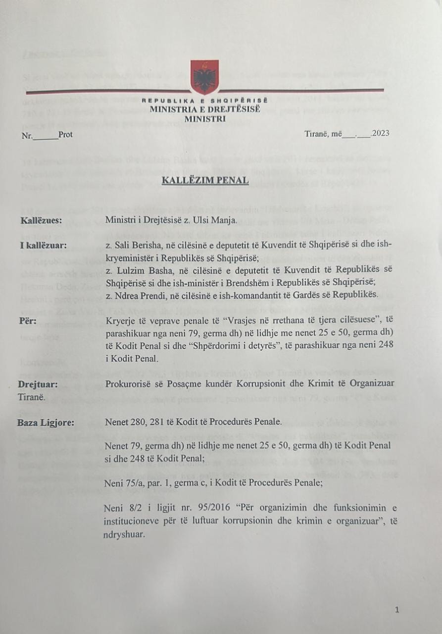 Në dokumentin e kallëyimit penal të Manjës, shihen emrat e Sali Berishës, në cilësinë e ish-kryeministrit, Lulzim Bashës si ish ministër i Brendshëm, dhe Ndrea Prendit ish komandat i Gardës.
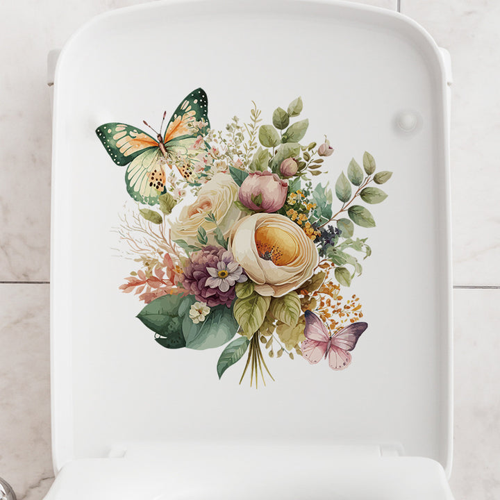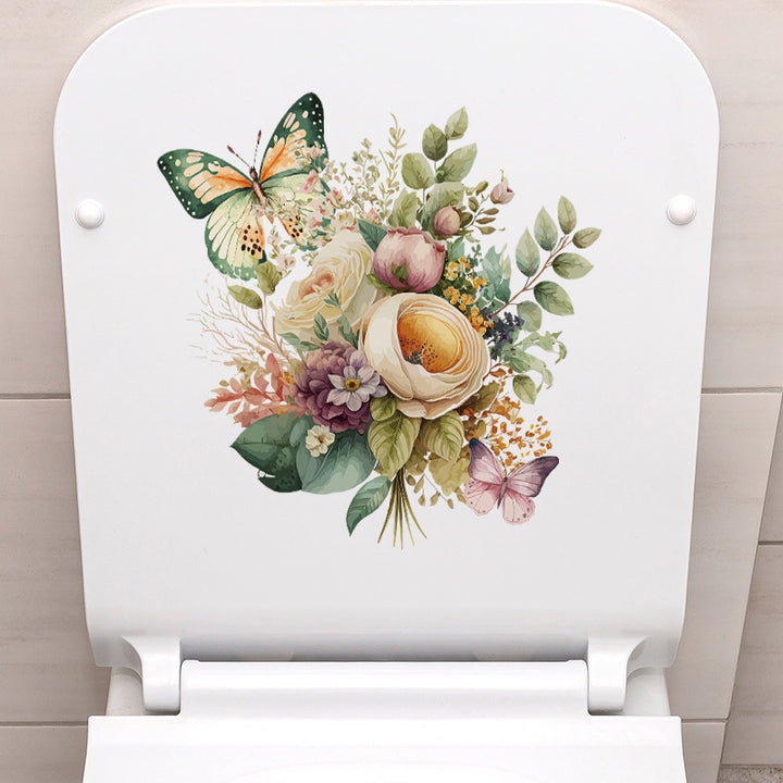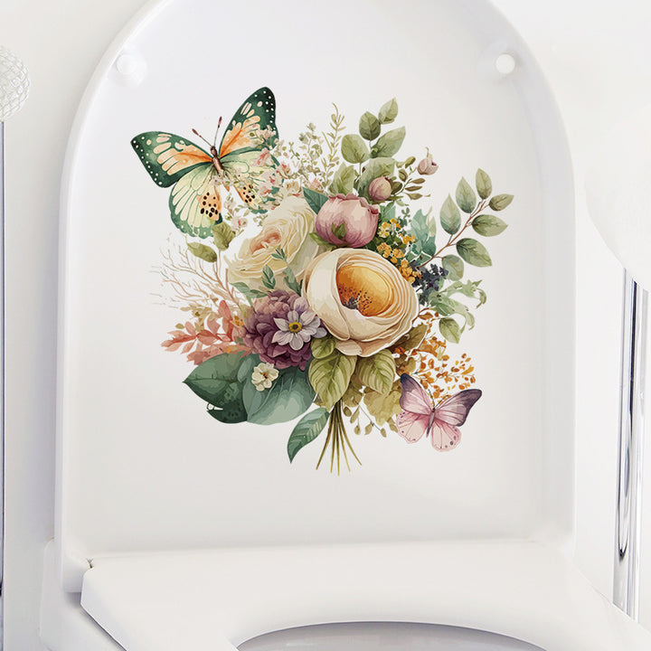 Wholesale Manufacturer Toilet Toilet Lid Butterfly Flower Sticker Waterproof Removable Plant Rose Flower Toilet Sticker
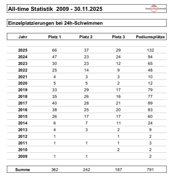 26. Oktober 2025 4 Teamsiege an einem Wochenende. Mit 95 Schwimmern zu 1.474 km in Mühlhausen, Haar, Nürnberg, Kronach, Regensburg und Gerbrunn.
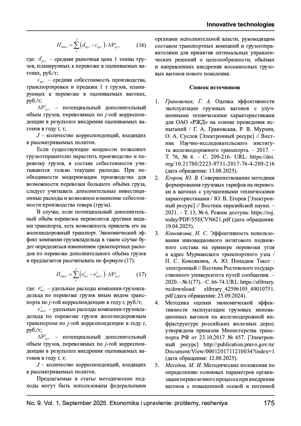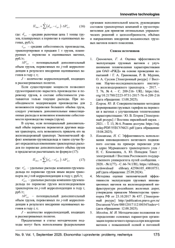 4. Методика оценки экономической эффективности эксплуатации грузовых инновационных вагонов на железнодорожной инфраструктуре российских железных дорог, утверждена приказом Министерства транспорта РФ от 23.10.2017 № 457. [Электронный ресурс] http://publication.pravo.gov.ru/Document/View/0001201711210034?index=1 (дата обращения: 12.08.2025).
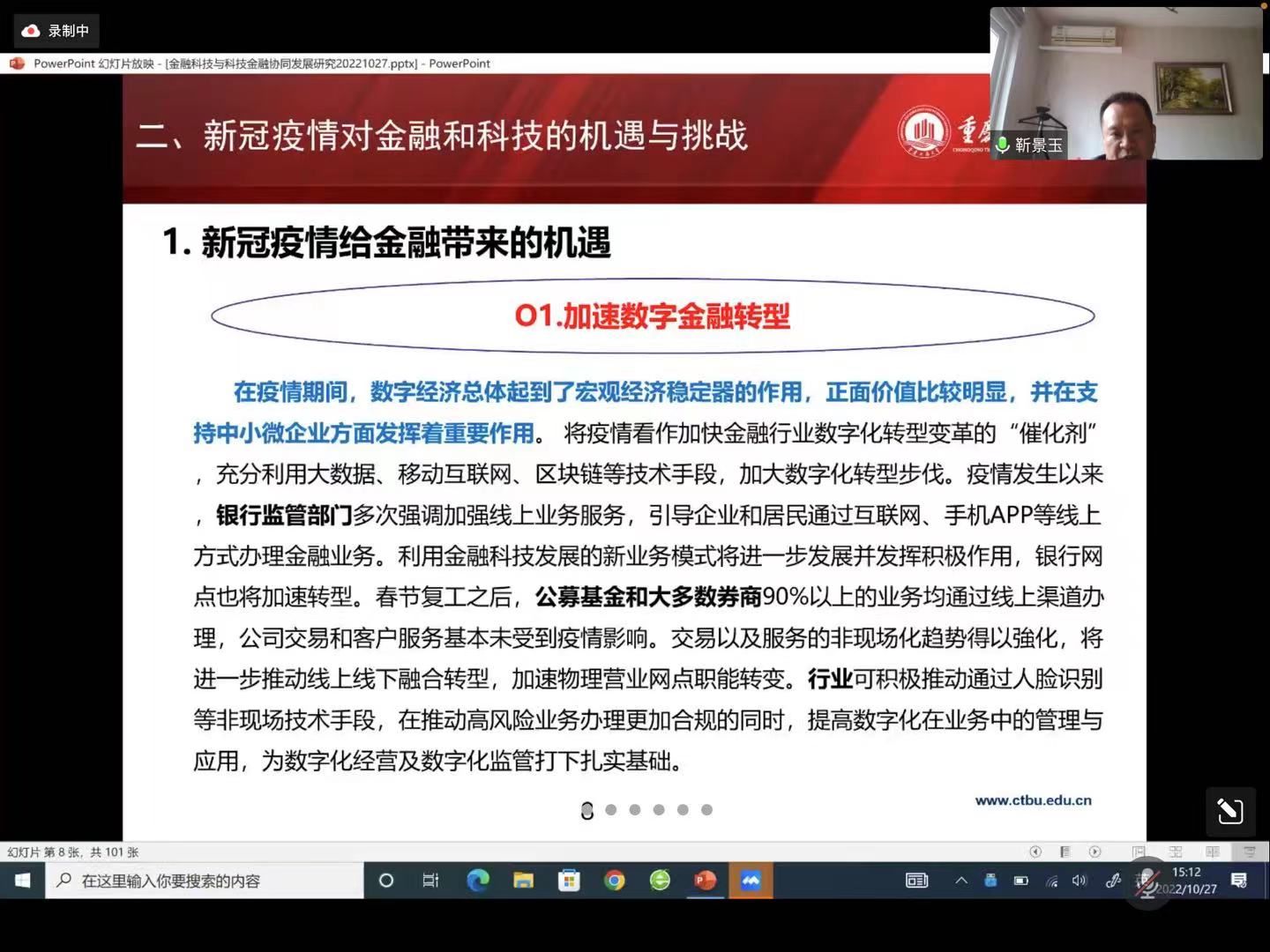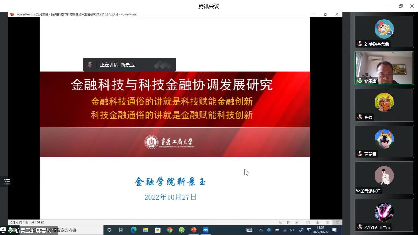 会议伊始,靳景玉教授讲解了党的二十大及中央经济工作会议对金融和科技的要求,紧接着分析了新冠疫情对金融和科技带来的的机遇与挑战。靳景玉教授在对金融科技与科技金融这两个概念进行区别后,对金融科技与科技金融这一主题进行了深入研究。最后,对金融科技与科技金融协调发展提出了相关性的对策。

* Description of the task
Output every record above word for word, omitting any pictures they contain.

* Response to this exercise
 Në dokumentin e kallëyimit penal të Manjës, shihen emrat e Sali Berishës, në cilësinë e ish-kryeministrit, Lulzim Bashës si ish ministër i Brendshëm, dhe Ndrea Prendit ish komandat i Gardës.
 Wholesale Manufacturer Toilet Toilet Lid Butterfly Flower Sticker Waterproof Removable Plant Rose Flower Toilet Sticker
 26. Oktober 2025 4 Teamsiege an einem Wochenende. Mit 95 Schwimmern zu 1.474 km in Mühlhausen, Haar, Nürnberg, Kronach, Regensburg und Gerbrunn.
 4. Методика оценки экономической эффективности эксплуатации грузовых инновационных вагонов на железнодорожной инфраструктуре российских железных дорог, утверждена приказом Министерства транспорта РФ от 23.10.2017 № 457. [Электронный ресурс] http://publication.pravo.gov.ru/Document/View/0001201711210034?index=1 (дата обращения: 12.08.2025).
 会议伊始,靳景玉教授讲解了党的二十大及中央经济工作会议对金融和科技的要求,紧接着分析了新冠疫情对金融和科技带来的的机遇与挑战。靳景玉教授在对金融科技与科技金融这两个概念进行区别后,对金融科技与科技金融这一主题进行了深入研究。最后,对金融科技与科技金融协调发展提出了相关性的对策。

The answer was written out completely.